Реми Гайяр. Француз. Врач-инфекционист. Сорок два года — или сорок три, он никогда не называл точную цифру, как не называют её те, кому эта цифра категорически не нравится. Высокий, болезненно худой, с лицом, на котором вечная усталость и едкая ирония жили бок о бок, как соседи, которые ненавидят друг друга, но не могут разъехаться из-за нехватки денег. Он работал в Конго уже два года — сначала в Букаву, потом в Кисангани, теперь в Киншасе, координировал программы ВОЗ. За эти два года Реми оброс тем непробиваемым, злым цинизмом, который появляется от того, что человек слишком долго смотрит на вещи, которые вообще не должны существовать в цивилизованном мире, и вынужден каждый день называть их по имени.

Разведённый. Жена ушла полгода назад — Лео не знал деталей, а Реми не распространялся, но по тому, как француз смотрел на местных женщин — быстро, оценивающе, с голодной жадностью, прячущейся за изысканной учтивостью, — было ясно, что рана внутри него всё ещё кровоточит, а цинизм — лишь сухая корочка на этой ране.

— За миссию, Гонзалес, — Реми поднял полную рюмку. Текила была местной, без названия, с резким запахом печёной агавы и бензина.

— За миссию, — Лео чокнулся с ним.

Они пили грубо и быстро. Текила — в рюмку, залпом, а следом — глоток ледяного, колющего горло пива Primus. Этот ритуал Лео привёз ещё из Техаса, из колледжа, с тех времён, когда алкоголь был не удовольствием, а формой доступного самоуничтожения. Реми же пил иначе: медленно, смакуя каждый глоток, как истинный сомелье, и каждую рюмку сопровождал язвительным комментарием: «Слабая», «Лучше, чем та дрянь в Букаву», «О, а в этой есть нота земли, если бы только у кукурузы водилась душа».

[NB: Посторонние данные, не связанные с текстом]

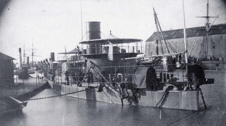 | Keywords: outdoor monochrome Washington Navy Yard, D.C. Ships moored in the Anacostia River off the Yard's waterfront, after the end of the Civil War, about 1865.The large twin-turret monitor in the center is Miantonomoh, with the smaller monitor Montauk tied up alongside her, to the left. In the left distance are the "light draft" monitor Chimo and the twin-turret monitor Tonawanda. The former Confederate ironclad Stonewall is beyond them. In the right distance is the Yard's western shiphouse. Ship at right is probably USS Resaca. The original print is mounted on a carte de visite produced by Christimo, 45 Rua de Quitanda, Rio de Janeiro, Brazil. Courtesy of Mrs. W.E. Taylor, 1941, from the collection of Medical Inspector William E. Taylor, USN. NHHC Photograph Collection: NH 58936. Washington Navy Yard, D.C. Ships moored in the Anacostia River off the Yard's waterfront, after the end of the Civil War, about 1865.The large twin-turret monitor in the center is Miantonomoh, with the smaller monitor Montauk tied up alongside her, to the left. In the left distance are the "light draft" monitor Chimo and the twin-turret monitor Tonawanda. The former Confederate ironclad Stonewall is beyond them. In the right distance is the Yard's western shiphouse. Ship at right is probably USS Resaca. The original print is mounted on a carte de visite produced by Christimo, 45 Rua de Quitanda, Rio de Janeiro, Brazil. Courtesy of Mrs. W.E. Taylor, 1941, from the collection of Medical Inspector William E. Taylor, USN. NHHC Photograph Collection: NH 58936. |
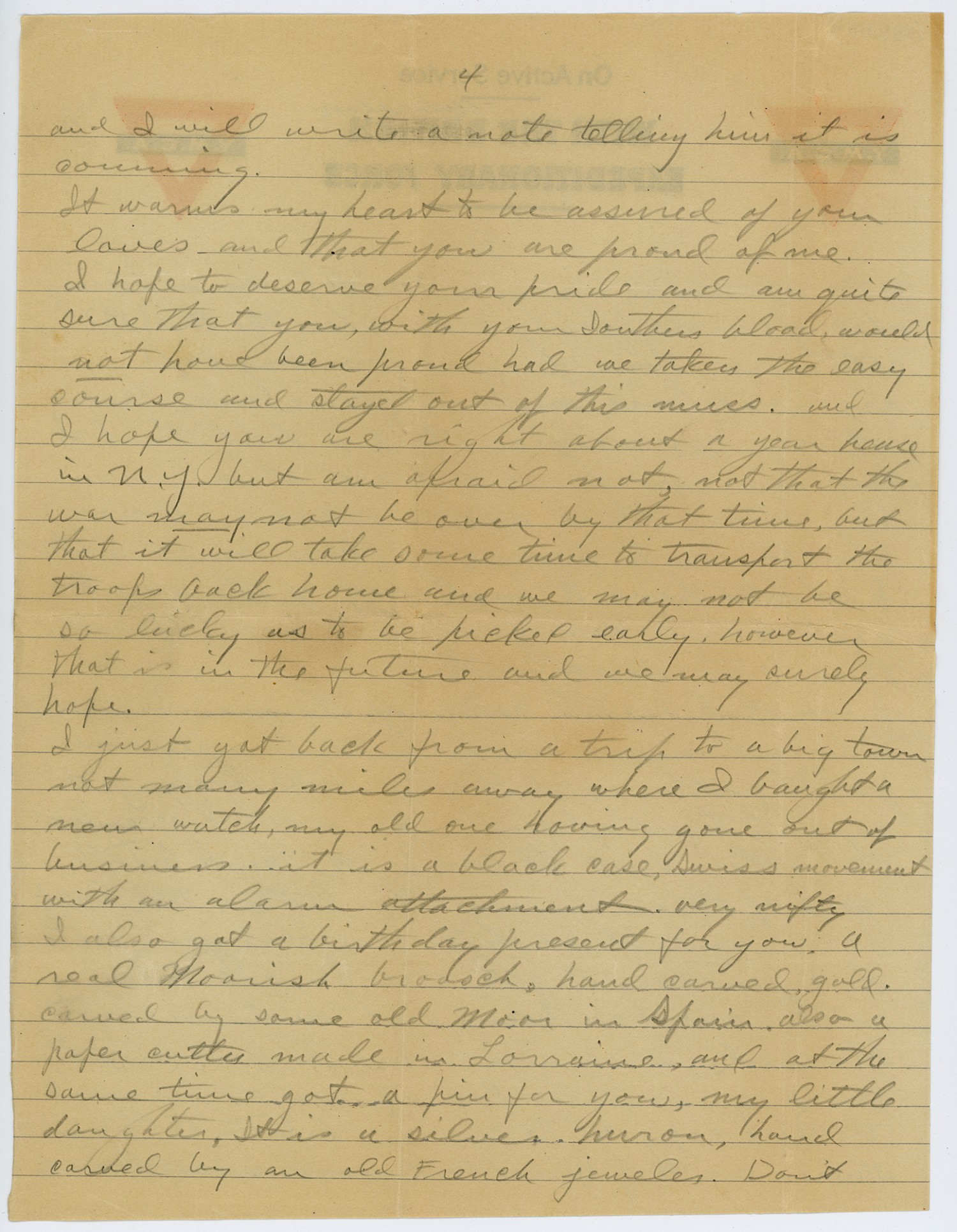 [page 4] and I will write a note telling him it is coming. It warms my heart to be assured of your loves and that you are proud of me. I hope to deserve your pride and am quite sure that you, with your Southern blood, would not have been proud had we taken the easy course and stayed out of this mess. and I hope you are right about a year house in [New York] but am afraid not, not that the war may not be over by that time, but that it will take some time to transport the troops back home and we may not be so lucky as to be picked early. however that is in the future and we may surely hope. I just got back from a trip to a big town not many miles away where I bought a new watch, my old one having gone out of business, it is a black case, Swiss movement with an alarm attachment, very nifty I also got a birthday present for you. A real Moorish brooch, hand carved gold. carved by some old Moor in Spain. also a paper cutter made in Lorraine, and at the same time got a pin for you, my little daughter. It is a silver huron, hand carved by an old French jeweler. Don
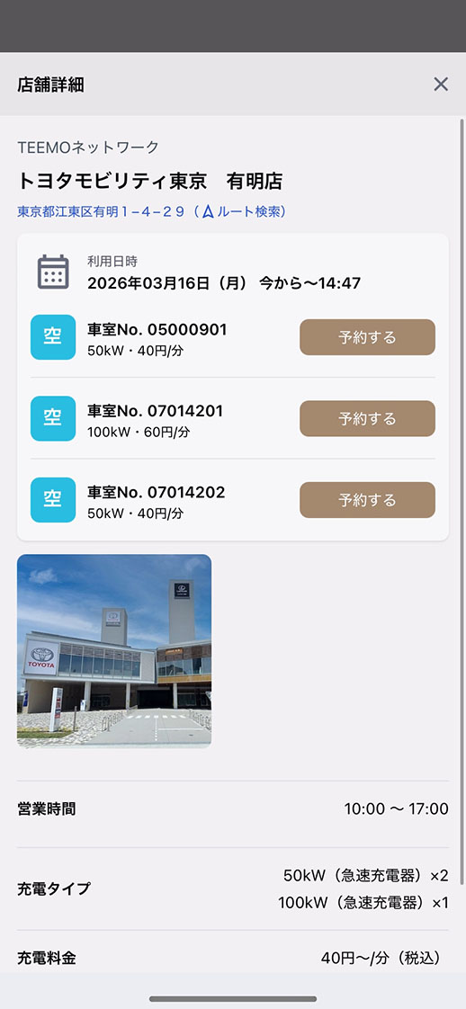 予約したい充電ステーションを選択

Бар был заполнен наполовину. Местные мужчины в ярких рубашках, женщины с высокими причёсками, экспаты из ООН, парочка заезжих туристов-авантюристов и хмурый военный советник из Марокко, который пил чистый виски и смотрел в одну точку. Из динамиков, прибитых к стенам грязным скотчем, лился пёстрый звуковой поток — лингала, соул, электронные басы, а потом, вдруг, без всякого перехода, колонки выплюнули тягучий, тёмный звук.

…I don’t want to see…

U2. «Love is Blindness». Лео мгновенно узнал первые такты — этот низкий дрон клавишных, тяжёлый и густой, как чёрный мёд. Внутри него что-то болезненно дёрнулось, как дёргается оголённый нерв, когда задевают давний, забытый шрам. Песня из далёкого прошлого. Из того самого кинотеатра «Сан-Мартин», где он сидел подростком и ещё не понимал смысла этих английских слов, но кожей чувствовал безнадёжный, красивый, обволакивающий звук, от которого хотелось зажмуриться и никогда больше не открывать глаз.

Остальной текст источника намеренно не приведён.